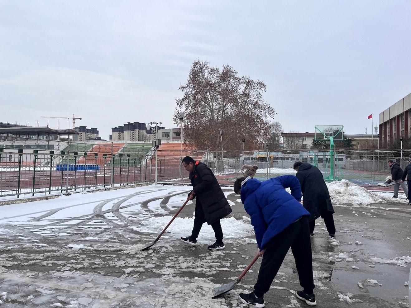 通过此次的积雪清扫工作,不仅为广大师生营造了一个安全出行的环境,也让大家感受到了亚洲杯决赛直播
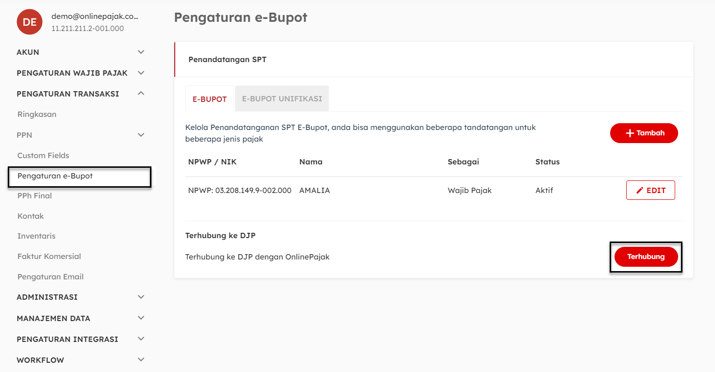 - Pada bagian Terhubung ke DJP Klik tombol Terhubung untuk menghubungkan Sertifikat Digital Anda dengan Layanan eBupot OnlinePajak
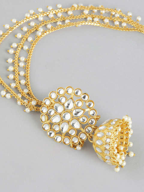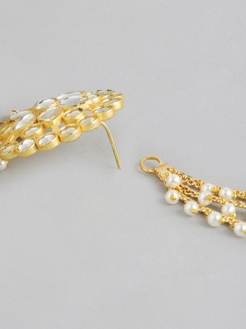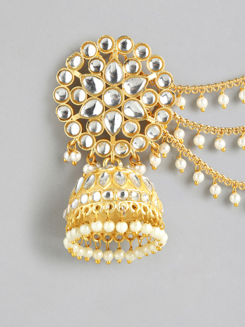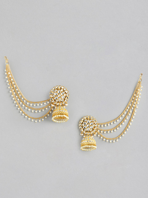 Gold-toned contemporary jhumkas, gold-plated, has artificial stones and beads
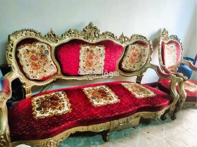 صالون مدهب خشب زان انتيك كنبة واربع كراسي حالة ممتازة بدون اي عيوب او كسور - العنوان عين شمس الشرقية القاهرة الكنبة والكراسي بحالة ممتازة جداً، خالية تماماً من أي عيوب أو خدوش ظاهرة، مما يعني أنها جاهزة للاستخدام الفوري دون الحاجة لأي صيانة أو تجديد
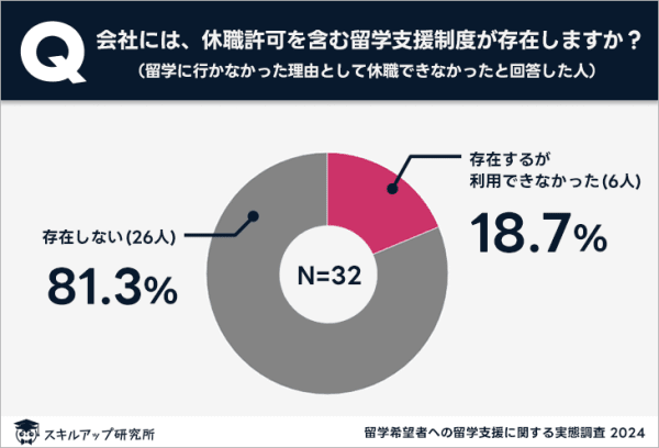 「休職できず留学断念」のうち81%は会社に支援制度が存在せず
==
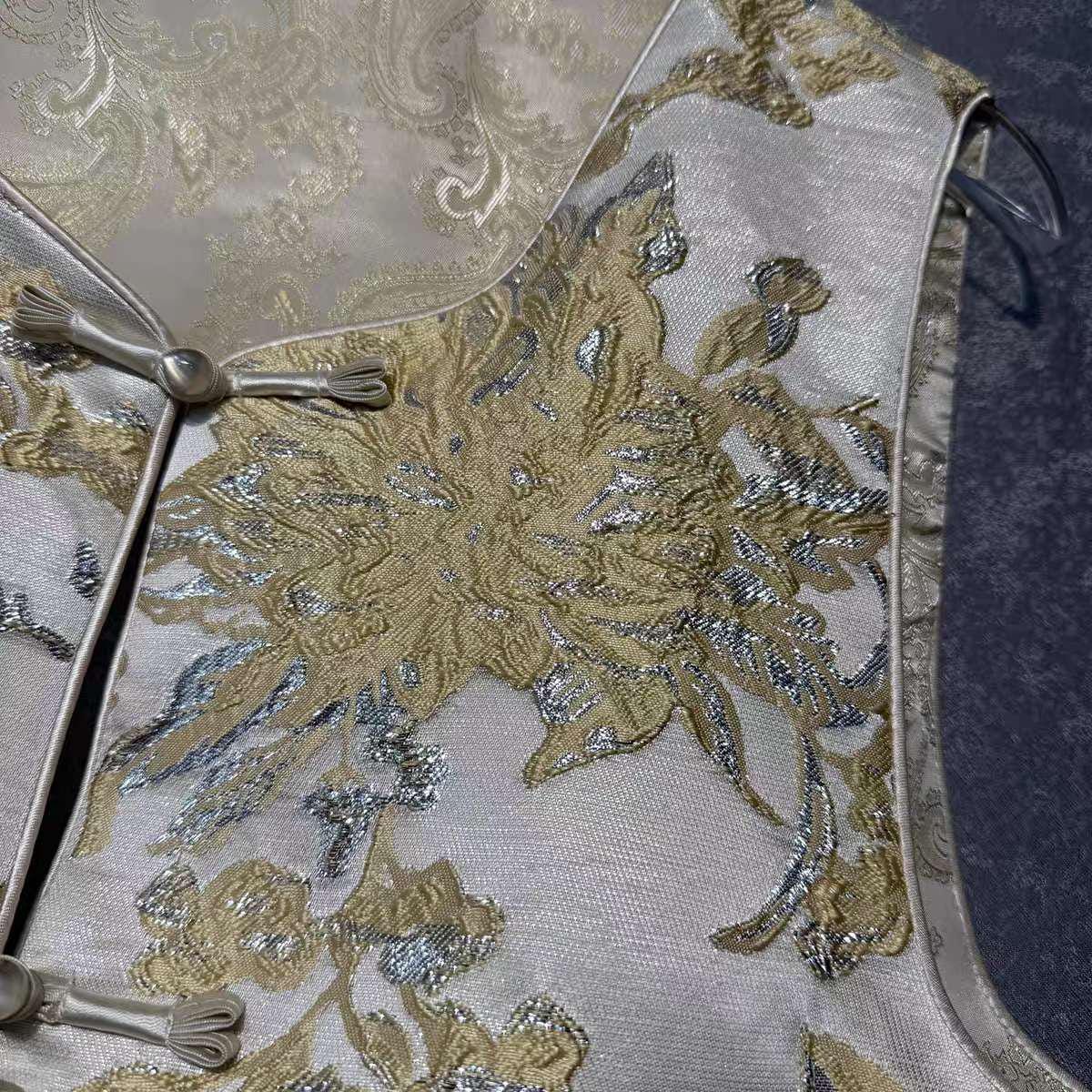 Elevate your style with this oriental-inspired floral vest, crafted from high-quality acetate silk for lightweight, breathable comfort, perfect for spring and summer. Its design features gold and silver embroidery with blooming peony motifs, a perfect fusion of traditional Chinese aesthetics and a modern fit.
--
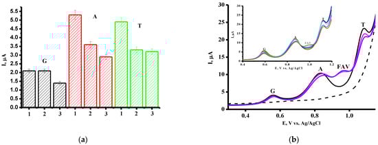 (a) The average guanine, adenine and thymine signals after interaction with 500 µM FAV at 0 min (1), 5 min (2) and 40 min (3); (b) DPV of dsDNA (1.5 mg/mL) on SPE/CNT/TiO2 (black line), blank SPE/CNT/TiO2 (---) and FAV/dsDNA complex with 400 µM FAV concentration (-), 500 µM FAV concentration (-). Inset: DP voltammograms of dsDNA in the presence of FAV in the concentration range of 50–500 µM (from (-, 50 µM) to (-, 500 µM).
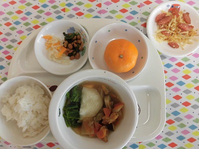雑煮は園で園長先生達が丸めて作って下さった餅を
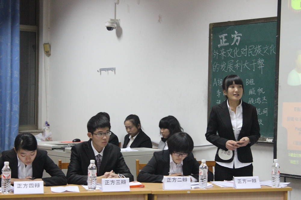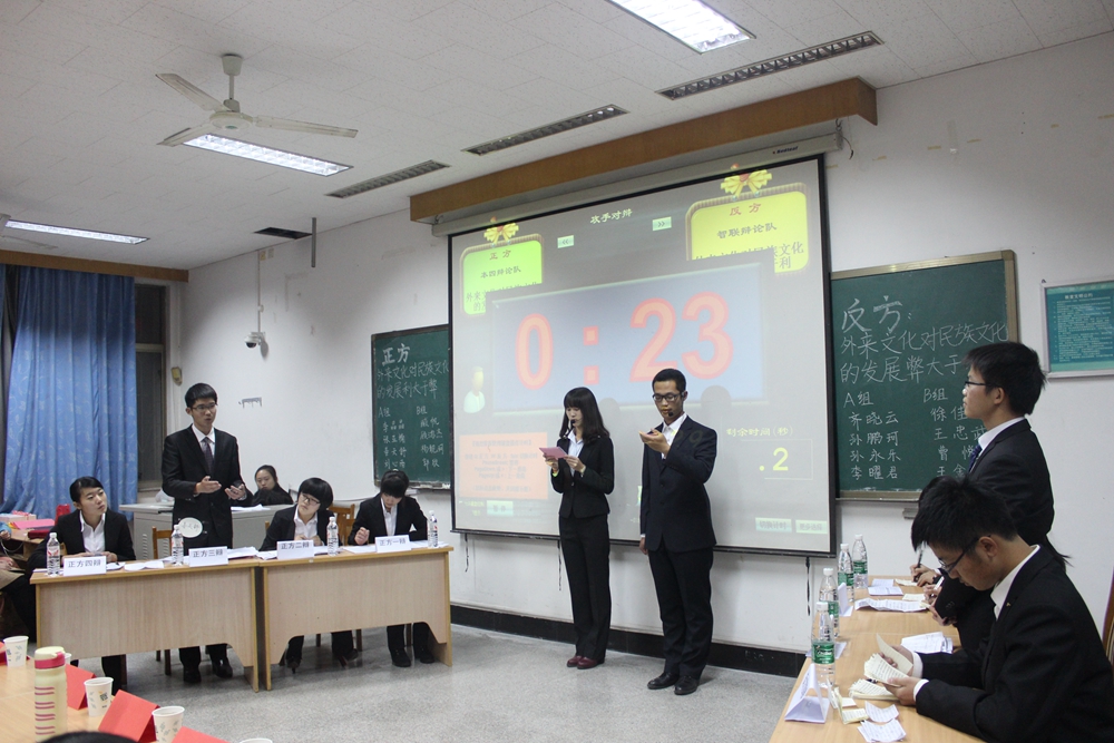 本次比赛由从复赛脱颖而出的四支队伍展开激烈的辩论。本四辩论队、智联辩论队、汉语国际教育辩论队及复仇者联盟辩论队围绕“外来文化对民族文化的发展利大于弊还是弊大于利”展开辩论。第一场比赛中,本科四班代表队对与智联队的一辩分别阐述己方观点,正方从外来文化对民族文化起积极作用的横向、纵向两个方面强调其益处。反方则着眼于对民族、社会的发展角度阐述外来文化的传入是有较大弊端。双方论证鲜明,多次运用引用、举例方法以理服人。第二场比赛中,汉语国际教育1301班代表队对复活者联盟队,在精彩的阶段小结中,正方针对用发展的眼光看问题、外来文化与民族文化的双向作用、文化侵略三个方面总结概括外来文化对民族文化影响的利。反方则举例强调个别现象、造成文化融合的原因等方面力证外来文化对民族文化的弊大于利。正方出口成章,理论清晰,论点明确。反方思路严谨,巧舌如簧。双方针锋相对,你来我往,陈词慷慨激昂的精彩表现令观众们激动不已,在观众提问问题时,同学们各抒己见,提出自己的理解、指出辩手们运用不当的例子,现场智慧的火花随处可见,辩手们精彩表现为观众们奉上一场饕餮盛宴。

Work instruction: Transcribe, exactly and without pictures, everything in the data from the line with "- Pada bagian" down to the line with "Gold-toned contemporary jhumkas, gold-plated, has", both included.

Output below:
 - Pada bagian Terhubung ke DJP Klik tombol Terhubung untuk menghubungkan Sertifikat Digital Anda dengan Layanan eBupot OnlinePajak
 Gold-toned contemporary jhumkas, gold-plated, has artificial stones and beads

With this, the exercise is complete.